Сидящий Волк наблюдал за действиями воинов немного со стороны, распластавшись в шелестящей траве. Среди людей, выбежавших из ворот, он сразу признал Молчуна.

— Вот и ты, мой друг и мой враг, — прошептал он. — Теперь я знаю наверняка, что тебе не избежать моей мести.

Фигурки людей в куртках из грубой кожи взволнованно жестикулировали, не зная, что предпринять. Преследовать конокрадов было не на чем, да и опасно — уж коли дикари решились на открытое воровство, то запросто могли устроить и засаду.

И тут Бледнолицые застыли, всматриваясь куда-то. Сидящий Волк обернулся и увидел своё племя, пёстрой массой разлившееся по равнине. Абсароки решили показать себя и перебрались на этот берег. Разделившись на три группы, они расположились с трёх сторон от форта вне досягаемости пушечного выстрела.

Ближе к полудню к воротам подъехал мелкой рысью Джеймс Коатс, что-то крикнул, и его впустили внутрь, слегка приотворив ворота. При этом люди на сторожевых башнях держали ружья наготове, прощупывая глазами каждую пядь земли вокруг ворот. Сидящий Волк, как и все дикари, не мог знать, о чём шла речь за бревенчатыми стенами и не представлял, что Коатс подробно рассказал осаждённым о планах Вороньего Племени.

— Они намерены держать вас в окружении до изнеможения. Гнилое Брюхо утверждает, что его не интересуют белые, но нужны здешние товары. Он чем-то разъярён, успел крупно столкнуться с отрядом Черноногих и потерял двух своих лучших вожаков. Не представляю, как быть…

— Мы будем ждать, терпеливо ждать, — твёрдо ответил Калберстон, возглавлявший гарнизон. Он обвёл глазами собравшихся и улыбнулся. — Вскоре должны приплыть лодки с товарами и боеприпасами. Появится множество новых людей. И Черноногим срок подошёл прийти сюда. Мы будем ждать, что бы там ни было. Провизии у нас маловато, но я уверен, что мы продержимся.

— А что ещё делать? — пожал плечами Молчун Дюпон и обернулся на Лесное Лекарство, сидевшую перед входом в бревенчатый дом и равнодушно глядевшую на кипящую в котелке похлёбку.

— Ты останешься с нами? — обратился Калберстон к Коатсу.

— Нет, хочу вернуться к Воронам. Они забрали мои вещи, а у меня там уйма бобровых шкурок, жаль терять хороший товар. Немного отдохну здесь и поеду обратно. Нужно только придумать, что им сказать, когда расспрашивать меня начнут. А уж Гнилое Брюхо обязательно завалит вопросами, что тут у вас и как…
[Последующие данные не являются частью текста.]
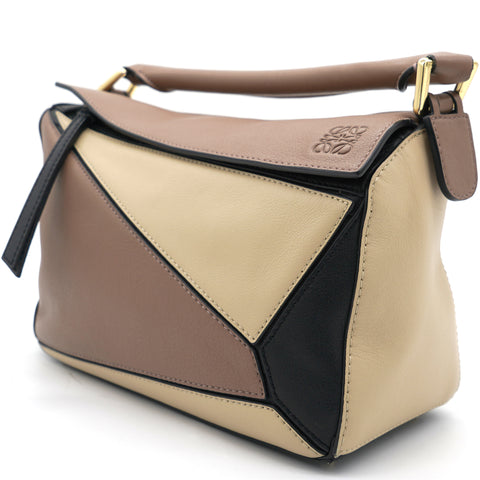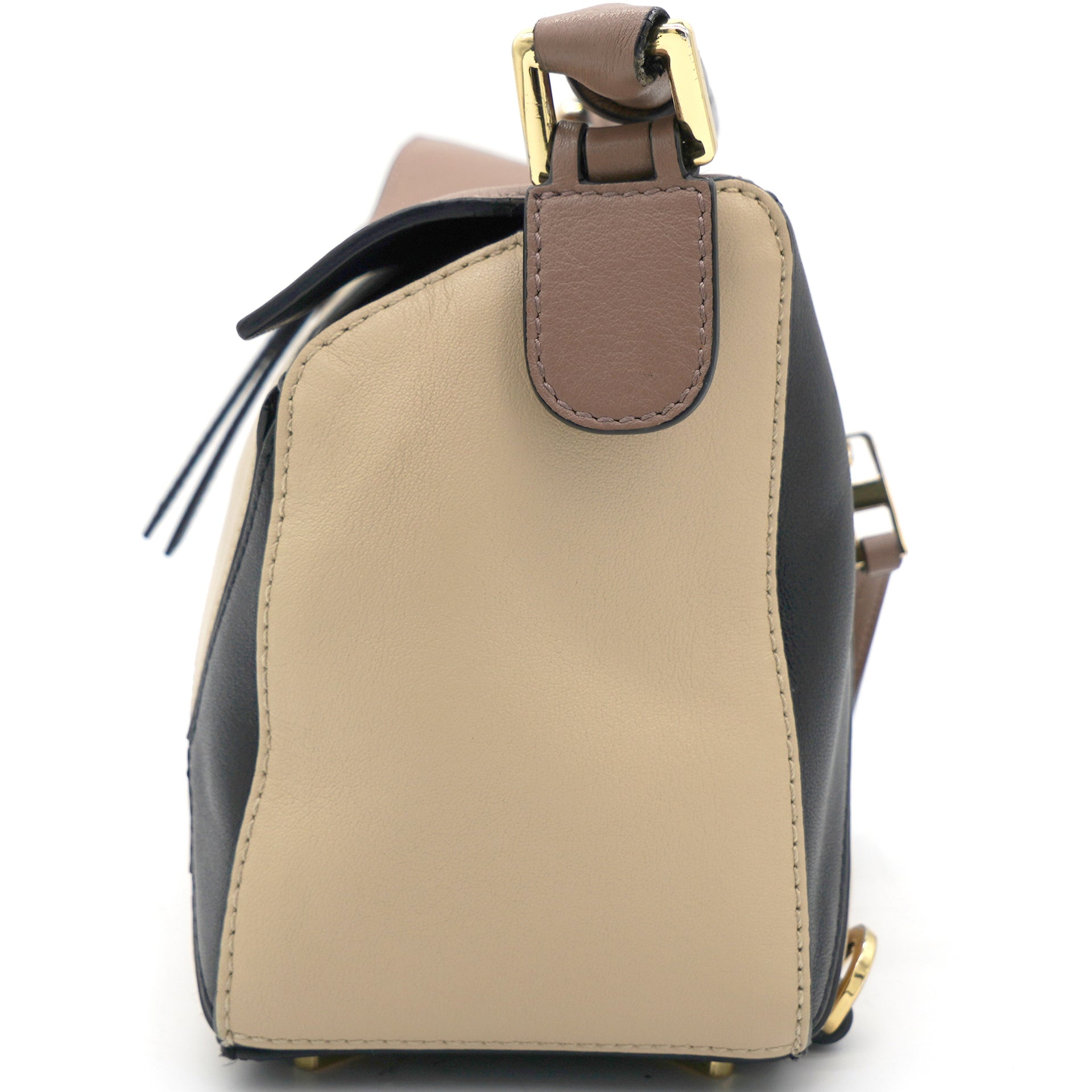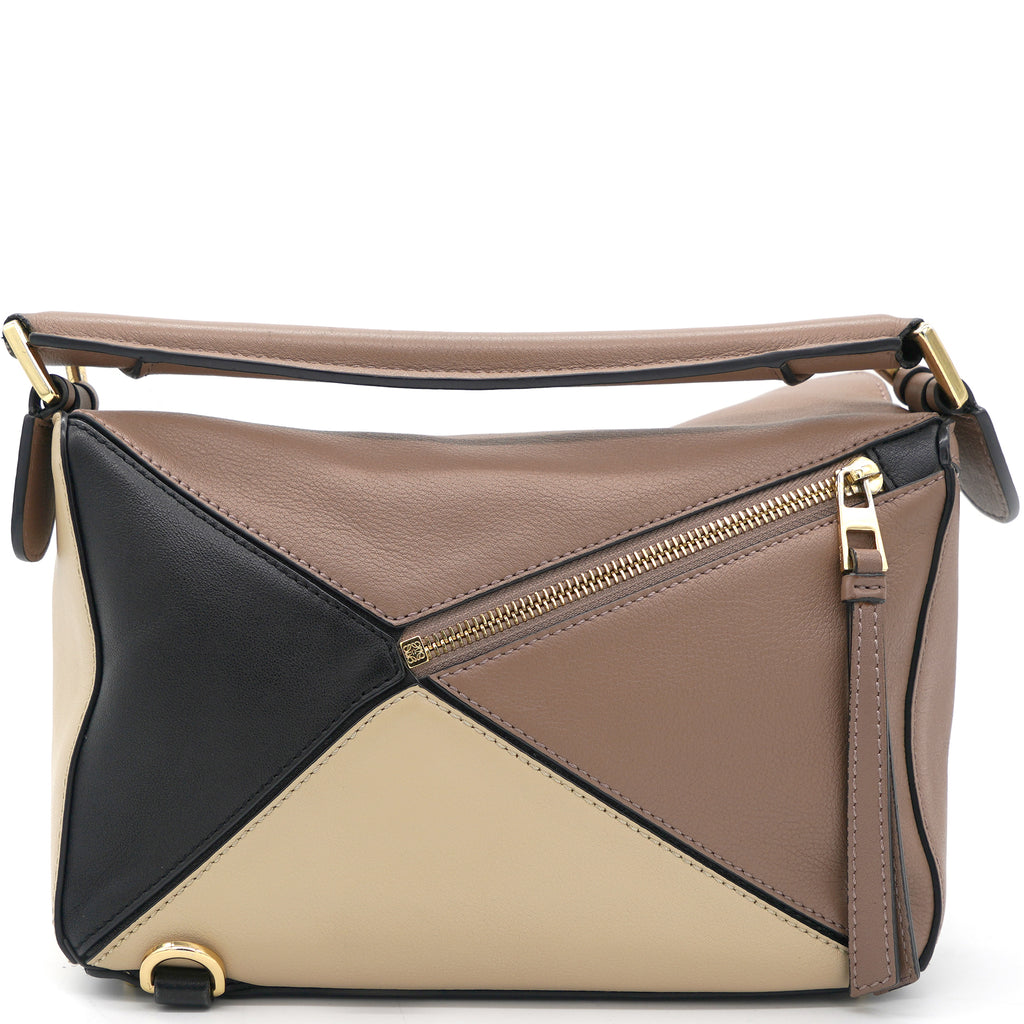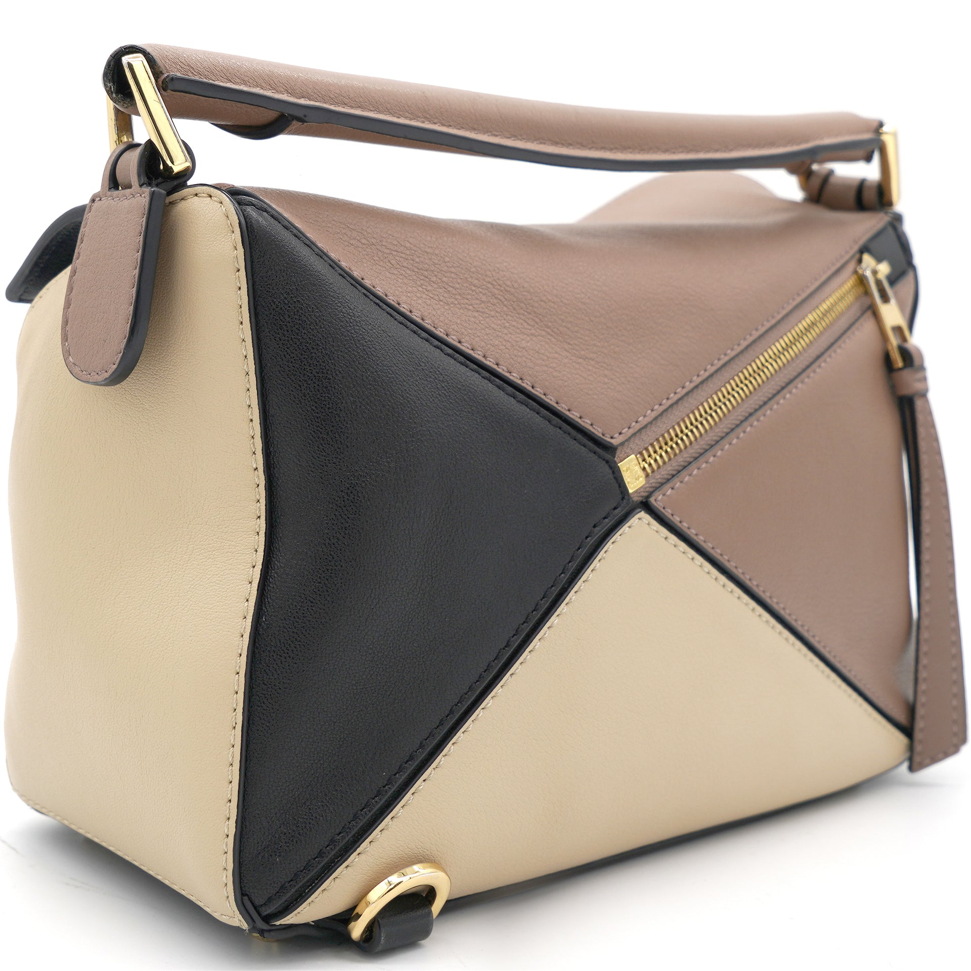 | Released in 2015, this Puzzle Loewe bag remains to be a coveted piece even today! A structured bag can assist you with many outings and can be styled with most of your attires. This bag is an example of the label’s penchant for creating staple pieces. It is crafted from leather in a beige, light beige and black shade and features a logo-accented front flap that opens to a well-sized interior. The bag is finished off with a unique handle. |

— Скажешь, что богатства у нас нет никакого, потому как лодки с товарами ещё не пришли, а с провиантом и боеприпасами всё в полном порядке. Дикари не должны знать, что у нас еда на исходе…

Беда заключалась в том, что запасы провизии, включавшие муку, хлеб и бекон исчерпались почти два месяца назад, но это не поставило бы гарнизон в затруднительное положение при иных обстоятельствах. В форте было достаточно умелых охотников, а дичь бродила в округе в изобилии. Но теперь под стенами форта стояли индейцы, не позволявшие выйти за стены, поэтому всякая охота отменялась. Это означало приближение голода.

Через пару дней к воротам подъехал Гнилое Брюхо в окружении двух десятков мускулистых мужчин и попросил его впустить внутрь. Справа от него ехал на низенькой лошадке Сидящий Волк. Его обнажённое тело было смазано золой, а длинные волосы густо покрыты жиром, что делало их тяжёлыми и почти неподвижными.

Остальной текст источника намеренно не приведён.